On Mar 15, 2007, at 3:58 AM, Adrian Graham wrote:
> But by
cat-ing several mpegs together you DO end up with a
> single header,
No, you end up with an invalid target with multiple beginning-of-
file
headers throughout the file.
Ah, my bad. I naturally assumed that cat would strip those off
and just have
How would cat know what part of the stream was the header? Were you
talking about *nix cat or some other cat?

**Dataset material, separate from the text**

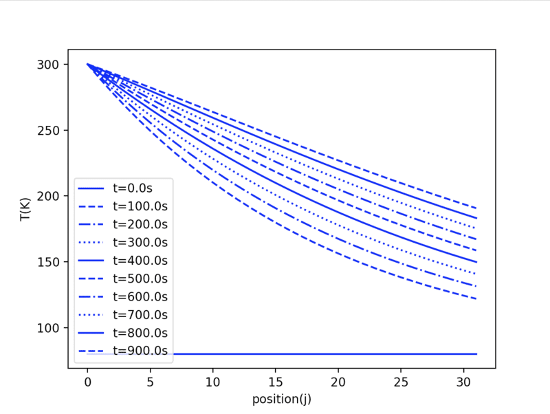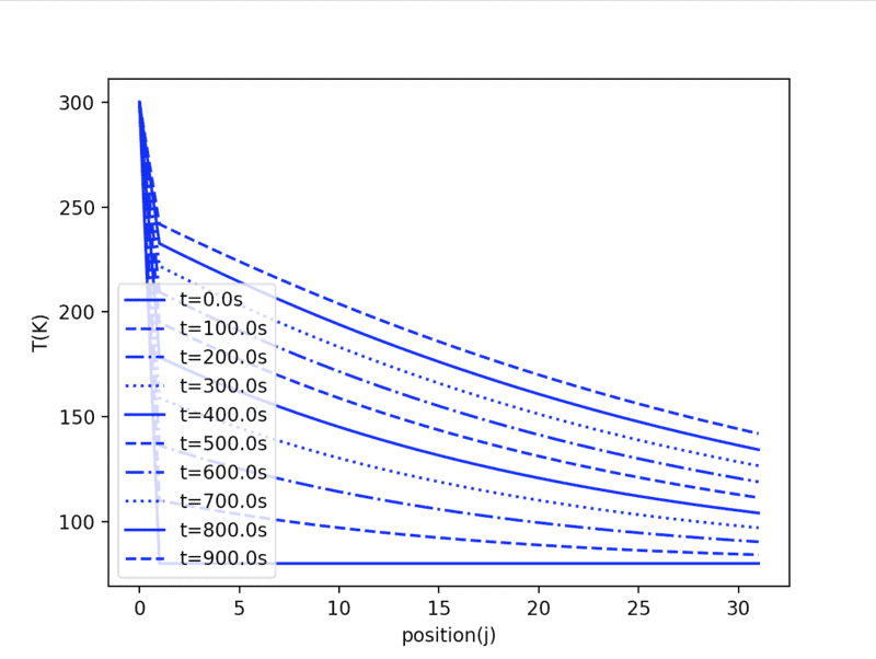 The notation on the graph above is poor. 'Position 1' is at index 0. Position 1 is where the boundary conditions are applied. The way the code is set up, the bed/fluid temperatures for the entire bed are both set to 80K, and then the first position only is overwritten, and this is the boundary condition:

I was kind of taking the simplistic view that each file had a
standard sized
header that at least had a magic number* and some indication of
length of
said file. I can also see that it might just read-until-EOF so
maybe I was
crediting it with too much intelligence.
*osf1/tru64 files have a magic number in the header that describes
the file
type which you can determine with the 'file' command. Since Tru64
is part
BSD and part SYSV I thought said behaviour must've come from one of
those.
Nope, there is no such header in any UNIX implementation that I'm
aware of. The "magic number" you speak of isn't part of any
header...the "file" program opens the target file, looks at the first
few bytes, and then looks up the pattern in its database to arrive at
an *educated guess* as to the type of file it's looking at...for
example, if bytes 7-10 of the file are 0x4a464946 (ascii "JFIF"), it
is most likely (but not definitely!) a JPEG image file. Similarly,
if bytes 1-6 are 0x474946383961 (ascii "GIF89a") the file is most
likely a v89a GIF image file, and if bytes 1-8 are 0xfeedface, it's a
Mach-O executable from a MacOS X system.
It is important to understand, though, that this has nothing at
all to do with the operating system, and there is no common header
format of any sort. It just so happens that many types of files are
consistent in what their first few bytes contain. The "magic number"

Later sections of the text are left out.